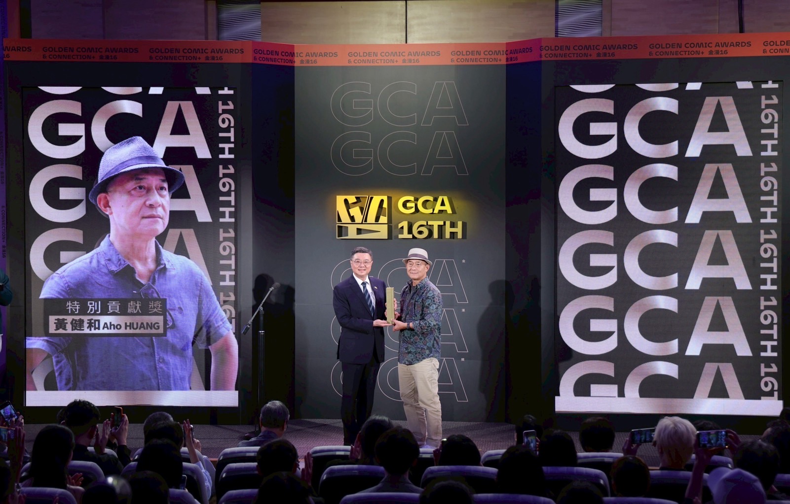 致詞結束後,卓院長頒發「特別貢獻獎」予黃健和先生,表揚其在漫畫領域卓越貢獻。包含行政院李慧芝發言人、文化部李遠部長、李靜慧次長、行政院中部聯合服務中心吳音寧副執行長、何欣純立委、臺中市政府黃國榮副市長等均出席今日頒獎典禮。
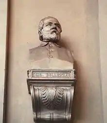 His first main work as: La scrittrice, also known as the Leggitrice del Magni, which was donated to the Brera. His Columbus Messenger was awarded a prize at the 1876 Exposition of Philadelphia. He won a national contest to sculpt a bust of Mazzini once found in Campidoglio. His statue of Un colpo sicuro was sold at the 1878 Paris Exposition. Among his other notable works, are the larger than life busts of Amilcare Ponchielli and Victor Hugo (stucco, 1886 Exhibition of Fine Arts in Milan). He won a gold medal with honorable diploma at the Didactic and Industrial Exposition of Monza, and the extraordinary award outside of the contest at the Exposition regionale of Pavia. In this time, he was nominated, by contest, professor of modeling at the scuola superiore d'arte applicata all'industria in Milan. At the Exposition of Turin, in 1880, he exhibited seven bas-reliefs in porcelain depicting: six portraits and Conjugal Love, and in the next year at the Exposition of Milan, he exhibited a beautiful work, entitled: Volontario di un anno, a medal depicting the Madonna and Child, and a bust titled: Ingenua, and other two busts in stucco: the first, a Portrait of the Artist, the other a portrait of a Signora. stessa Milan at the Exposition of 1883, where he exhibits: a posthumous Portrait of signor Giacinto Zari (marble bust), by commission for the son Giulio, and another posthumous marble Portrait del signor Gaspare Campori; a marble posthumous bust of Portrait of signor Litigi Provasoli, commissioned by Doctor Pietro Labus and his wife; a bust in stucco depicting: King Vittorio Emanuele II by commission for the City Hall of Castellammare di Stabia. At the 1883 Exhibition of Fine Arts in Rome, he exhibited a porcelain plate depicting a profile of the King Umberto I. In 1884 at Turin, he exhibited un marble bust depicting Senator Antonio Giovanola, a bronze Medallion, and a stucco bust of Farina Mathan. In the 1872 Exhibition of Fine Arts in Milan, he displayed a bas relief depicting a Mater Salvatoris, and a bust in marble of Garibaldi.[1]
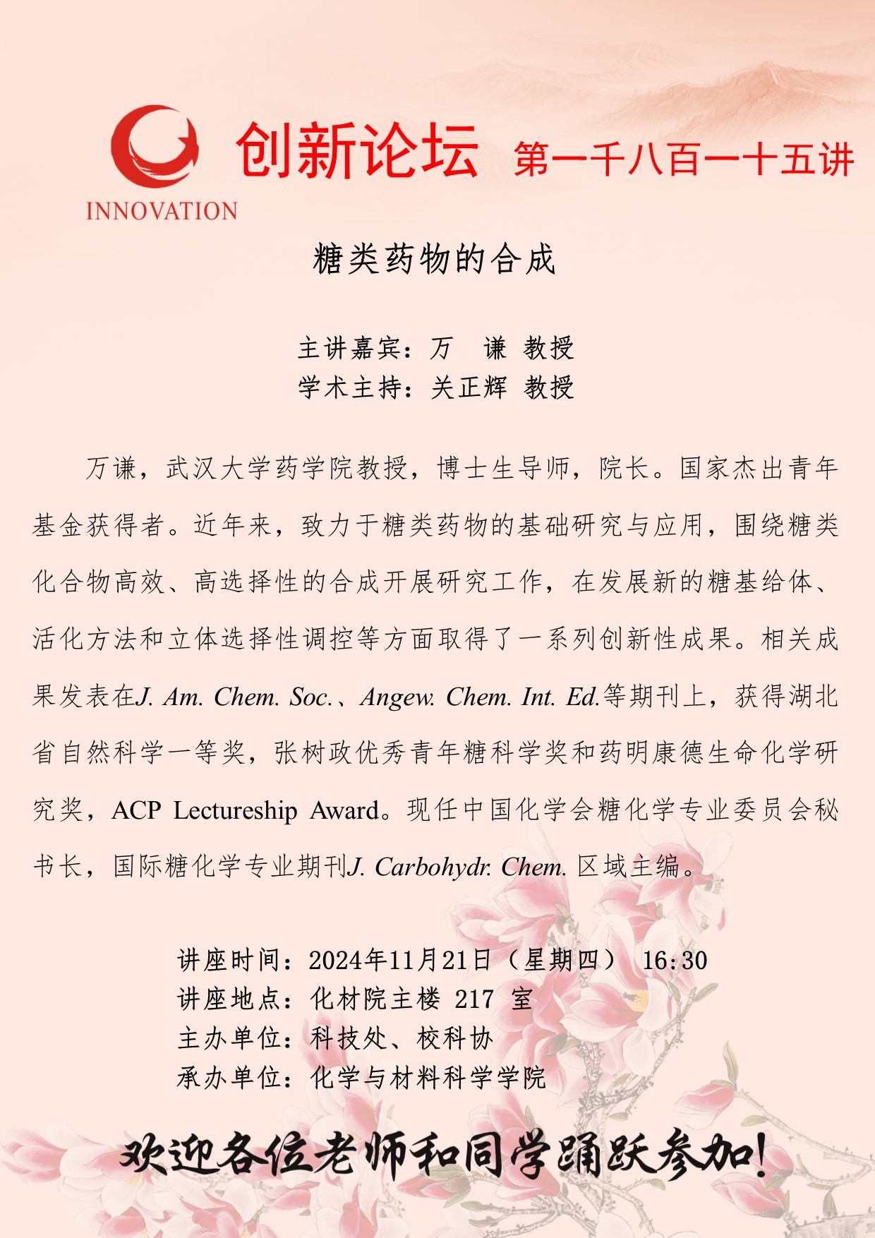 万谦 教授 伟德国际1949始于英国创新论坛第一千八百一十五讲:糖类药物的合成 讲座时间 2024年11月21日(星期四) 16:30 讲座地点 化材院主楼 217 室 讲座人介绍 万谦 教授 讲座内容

> What you are asked to do: Since the pictures are not wanted, write out the rest of the data exactly as it reads.

> Exercise solution:
 致詞結束後,卓院長頒發「特別貢獻獎」予黃健和先生,表揚其在漫畫領域卓越貢獻。包含行政院李慧芝發言人、文化部李遠部長、李靜慧次長、行政院中部聯合服務中心吳音寧副執行長、何欣純立委、臺中市政府黃國榮副市長等均出席今日頒獎典禮。
 His first main work as: La scrittrice, also known as the Leggitrice del Magni, which was donated to the Brera. His Columbus Messenger was awarded a prize at the 1876 Exposition of Philadelphia. He won a national contest to sculpt a bust of Mazzini once found in Campidoglio. His statue of Un colpo sicuro was sold at the 1878 Paris Exposition. Among his other notable works, are the larger than life busts of Amilcare Ponchielli and Victor Hugo (stucco, 1886 Exhibition of Fine Arts in Milan). He won a gold medal with honorable diploma at the Didactic and Industrial Exposition of Monza, and the extraordinary award outside of the contest at the Exposition regionale of Pavia. In this time, he was nominated, by contest, professor of modeling at the scuola superiore d'arte applicata all'industria in Milan. At the Exposition of Turin, in 1880, he exhibited seven bas-reliefs in porcelain depicting: six portraits and Conjugal Love, and in the next year at the Exposition of Milan, he exhibited a beautiful work, entitled: Volontario di un anno, a medal depicting the Madonna and Child, and a bust titled: Ingenua, and other two busts in stucco: the first, a Portrait of the Artist, the other a portrait of a Signora. stessa Milan at the Exposition of 1883, where he exhibits: a posthumous Portrait of signor Giacinto Zari (marble bust), by commission for the son Giulio, and another posthumous marble Portrait del signor Gaspare Campori; a marble posthumous bust of Portrait of signor Litigi Provasoli, commissioned by Doctor Pietro Labus and his wife; a bust in stucco depicting: King Vittorio Emanuele II by commission for the City Hall of Castellammare di Stabia. At the 1883 Exhibition of Fine Arts in Rome, he exhibited a porcelain plate depicting a profile of the King Umberto I. In 1884 at Turin, he exhibited un marble bust depicting Senator Antonio Giovanola, a bronze Medallion, and a stucco bust of Farina Mathan. In the 1872 Exhibition of Fine Arts in Milan, he displayed a bas relief depicting a Mater Salvatoris, and a bust in marble of Garibaldi.[1]
 万谦 教授 伟德国际1949始于英国创新论坛第一千八百一十五讲:糖类药物的合成 讲座时间 2024年11月21日(星期四) 16:30 讲座地点 化材院主楼 217 室 讲座人介绍 万谦 教授 讲座内容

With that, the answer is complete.